Patients – and citizens – should be in charge of their data to ensure correctness, completeness and accuracy, optimizing continuity of care from their providers and effective generation of datasets for public health innovation & policy-making.
In a previous blog post arguing for an individual-centric European Health Data Space (EHDS), we presented the comments from the MyData community on the EHDS draft regulation issued in May 2022. The regulation is now final, and our focus is on how we could make it happen, building on the MyData principles. This blog post is the first one in a series where we will address data quality, tools to enhance it, data security, data “solidarity” and emerging platform solutions based on MyData operators reference model, digital wallet, intelligent digital assistant and data governance.
One way of finding out the general opinion on a subject is to ask ChatGPT and Google Gemini. When asking ”why should citizens and patients be in control of their health data”, the reasons these models both put forward are benefits such as privacy and security, empowerment, improvement of care quality and healthcare outcomes, support to innovation and research, and financial benefits. In addition, ChatGPT mentions data accuracy, trust and transparency, and equal access to information.

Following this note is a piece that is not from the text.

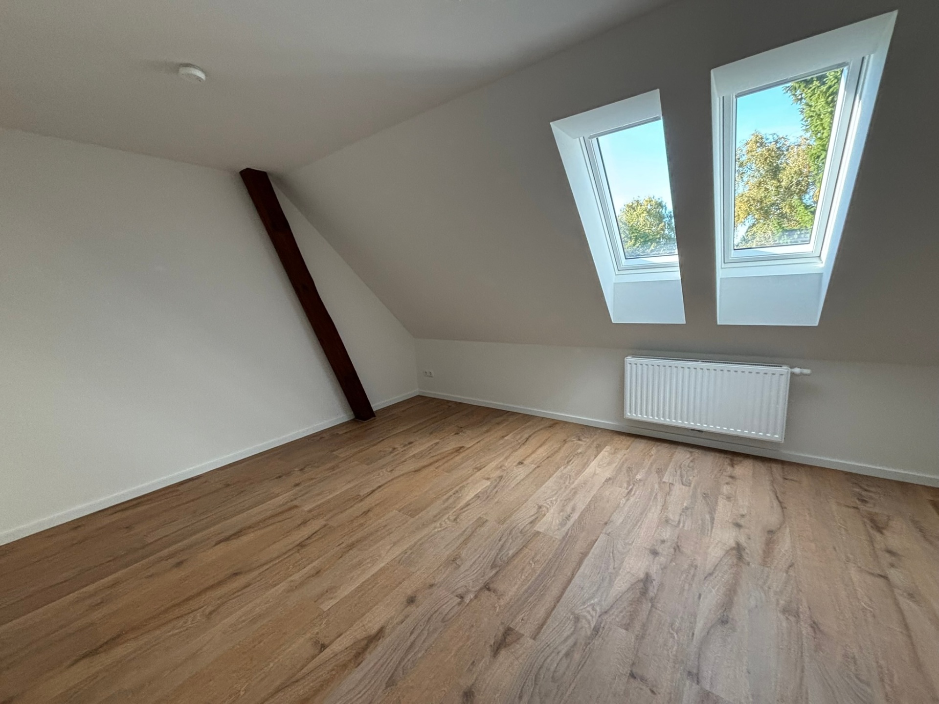 Hochwertiger Vinylboden sorgt für ein stimmiges Ambiente und unterstreicht das Wechselspiel aus moderner Klarheit und rustikalem Charme. Veluxfenster öffnen den Blick in den Himmel und lassen die Räume erstrahlen. Ein praktischer Abstellraum rundet das durchdachte Wohnkonzept ab.

All these arguments are valid. Conventional wisdom in the global healthcare sector is that they can be satisfied by the growing number of patient portals provided by hospitals, Electronic Health Records (EHRs) and by the emerging National Contact Centres for Digital Health (NCDPH) proposed in the EHDS Regulation to pool the data of individual citizens collected by healthcare organisations.
So everything seems fine! Why should I worry about my health data? Hospitals and authorities are taking care of it..right? But is that enough? Unfortunately, the answer is NO. It’s not good enough for patients, it’s not good enough for providers, it’s not good enough for researchers and policy-makers. The major reason for concern is data quality; ChatGPT partially identified this by referring to data accuracy, i.e., data integrity, correctness, and completeness of records.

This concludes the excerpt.